Transfer Concurrency: Within an individual transfer, operations are optimistically concurrent. Transfers can download, upload, or serialize multiple data files concurrently, regardless of the model to which they belong. The max_concurrent_queries_per_transfer field on a source or destination limits the number of concurrently queries or API calls that can be made against the source or destination. The default for max_concurrent_queries_per_transfer is 1. Transfers Parallelism: Transfers can run in parallel of each other as long as the following constraints hold:
  • No simultaneous transfers are allowed for the same model to the same destination.
  • No simultaneous integrity and transfer jobs can run against the same destination.
  • The max_concurrent_transfers field exists on both the source and destination. It defaults to 10 for sources and 1 for destinations. This field represents a hard limit on the number of simultaneous transfers involving a particular source or destination.
Prequel’s dispatcher will enforce the above rules.

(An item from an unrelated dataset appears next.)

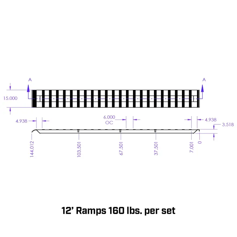 •12′ Ramps: 144″ Long x 15″ Wide x 3.5″ Thick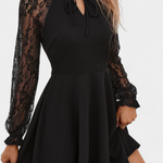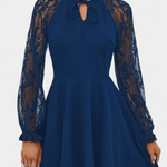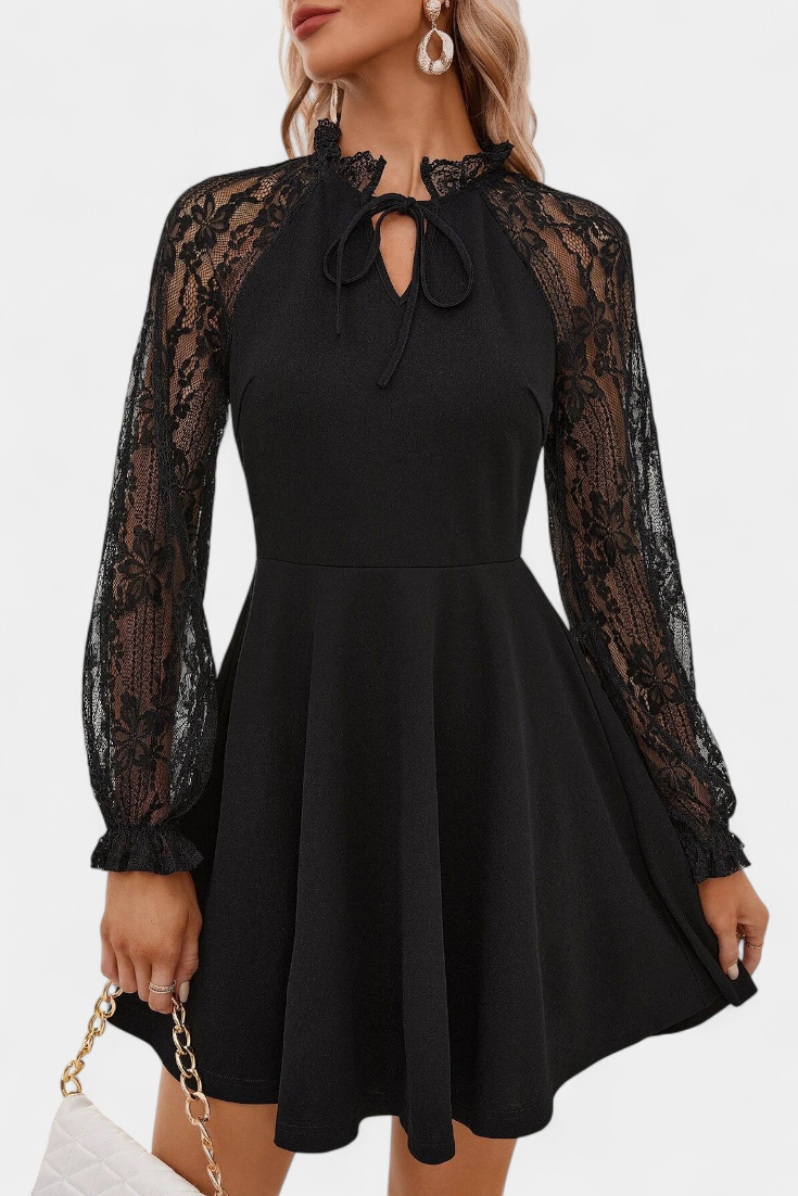 Robe Mini en Dentelle Florale Jasella avec Manches Longues

A transfer that is unable to be dispatched will remain pending until it can be dispatched.

Tags

Every transfer can carry an arbitrary set of tags, simple key/value metadata you define to group, label, or annotate transfers (for example, by environment, team, workload, etc.). Tag keys and values must match ^[A-Za-z0-9_-]+$. For more detail on how to use Tags when creating transfers and filtering transfers on tags, refer to our API Reference.

Staging buckets

Some sources and destinations supported by Prequel may require staging buckets to efficiently transfer data. Where possible, Prequel will use built in staging resourced provided by the database or data warehouse, but in cases where it does not exist, it may need to be provided. The source/destination documentation will provide instructions for configuring staging buckets where needed.